2 Cups Tomatoes – Chopped (any variety)
1lb Orecchiette – Cooked al dente
1 cup Fresh Mozzarella Balls (small)
1 cup Fresh Basil – Rough Chopped
¼ Cup Olive Oil
¼ Cup Balsamic Glaze

In a bowl, mix all ingredients thoroughly. Let the salad chill in the refrigerator for 2 hours up to overnight.
Top with extra balsamic glaze and fresh chopped basil.

Mexican Style Pork Tenderloin with Jalapeño Peach Salsa

Ingredients (Pork):

1 Pork Tenderloin
1 TBS Garlic Powder
2 TSP(ea.) Cumin & Chili Powder
Salt & Pepper
Olive Oil

Ingredients (Salsa):

2 Peaches – Chopped
3 Jalapeños – Chopped
⅛ Red Onion – Chopped
¼ Cup Cilantro – Chopped
2 Cloves Garlic – Minced
2 Limes – Juiced
Salt to taste

In a bowl combine garlic powder, cumin, chili powder, salt and pepper – whisk.

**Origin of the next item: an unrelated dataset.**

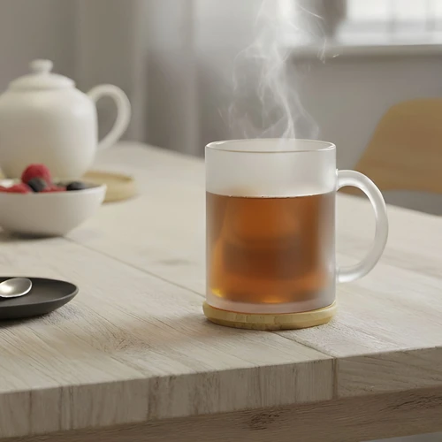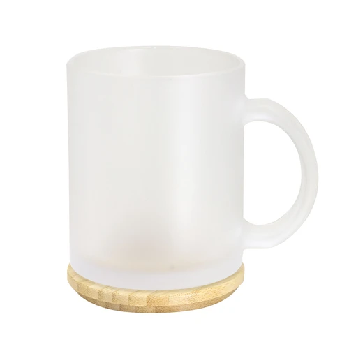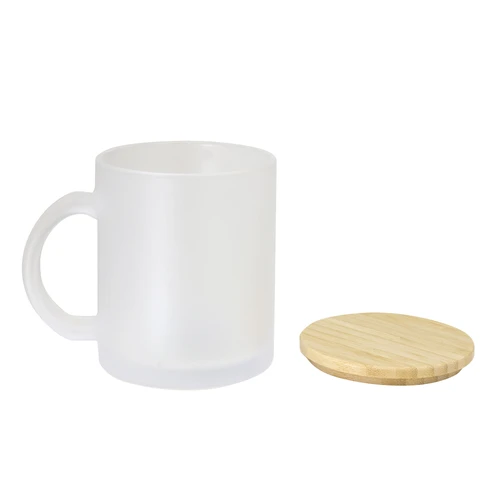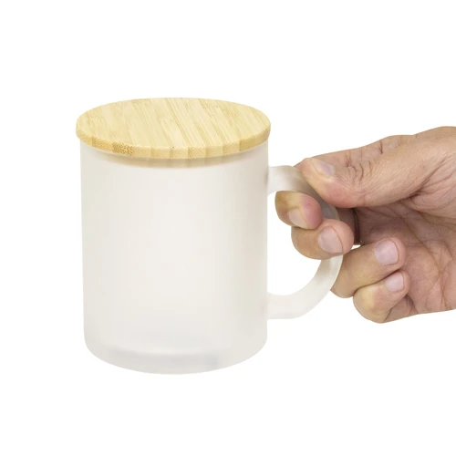 Diseño clásico y sutil.Taza de vidrio con acabado frost. Tapa de Bambú barnizado.Medidas: Ø 8 cm x 9,7 cm.

Pat dry the tenderloin, then dry rub with spice mixture.

Preheat oven to 375°. Using an oven safe skillet, heat to high heat and coat the skillet with olive oil. Sear dry-rubbed pork tenderloin on all sides until golden brown. Transfer skillet to the oven and cook for 20 minutes or until the internal temperature reaches 145°.

While the pork is cooking combine all salsa ingredients and place in the fridge.

Transfer pork to a cutting board, cover with tinfoil and let rest for 20 minutes before slicing.

Top with salsa mixture, and enjoy!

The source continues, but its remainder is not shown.